Years out from the social distancing practices established during the COVID-19 pandemic, most churches seem to have stuck with the hand wave as the preferred way to share peace between parishioners during Mass. But the specifics of how people do it vary widely, from a makeshift sign of the cross blessing to the kind of quick wave you might give an acquaintance in the grocery store when you’re in a hurry, or even just a nervous nod at everyone in the room.
There seems to be an underlying sense of discomfort, as well, as though people are afraid of doing it wrong or missing someone. By not having to physically reach out to anyone, do we now feel responsible for acknowledging everyone?
While the ritual has changed for many of us since the pandemic, Fr.
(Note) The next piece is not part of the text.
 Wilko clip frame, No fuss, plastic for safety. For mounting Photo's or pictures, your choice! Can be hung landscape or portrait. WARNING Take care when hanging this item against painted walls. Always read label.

Richard Fragomeni, who serves as the chair of the Department of Word and Worship at Chicago’s Catholic Theological Union (aka Pope Leo XIV’s alma mater), said that in the United States there has never been a prescribed « right way » to do it.
« The common form in the United States has certainly in the past been shaking hands, » he told NCR. « But from my study, no official expression of peace has ever been stipulated by the dioceses of the United States. » A variety of practices, many of them specific to different cultural traditions, have always been allowed.
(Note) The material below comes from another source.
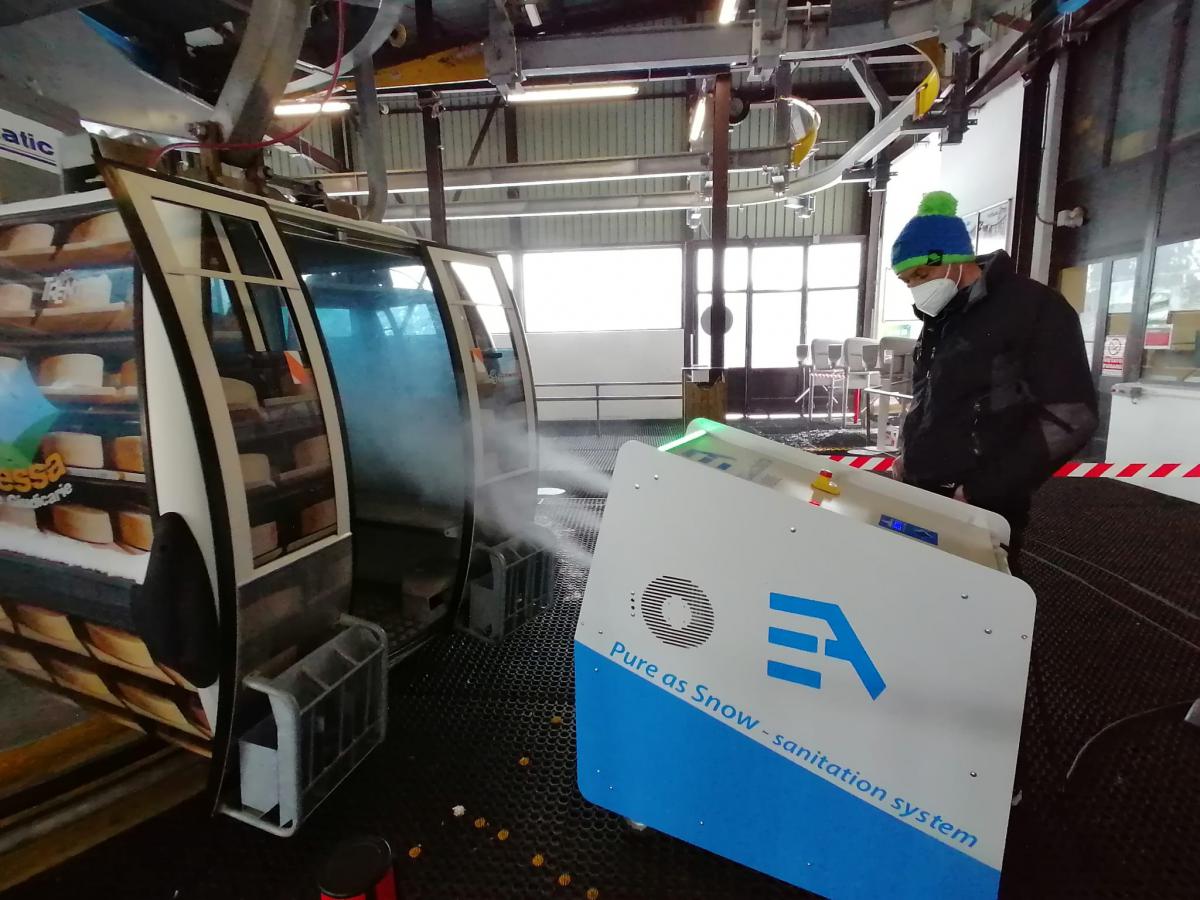 “Pure as snow” è la macchina compatta in grado di sanificare, senza tossicità e in meno di due secondi, gli ambienti delle funivie e cabinovie.

Layla Karst, associate chair of the Department of Theological Studies at Loyola Marymount University, said that the once-common handshake has problems from a ritual point of view. Greetings like handshakes or hugs, she said, « reflected the kind of relationship we think we have with people. People we were really close to, we would hug. People who were kind of familiar, we would shake hands with. People at a distance, we might give a wave. »
But the sign of peace was intended not to reinforce relationships but to indicate a radical, status quo-breaking familiarity: « If you look at how the greeting was understood in the early church, it wasn’t a handshake or a hug, it was a kiss, » she said, « the way they would greet siblings or family members. »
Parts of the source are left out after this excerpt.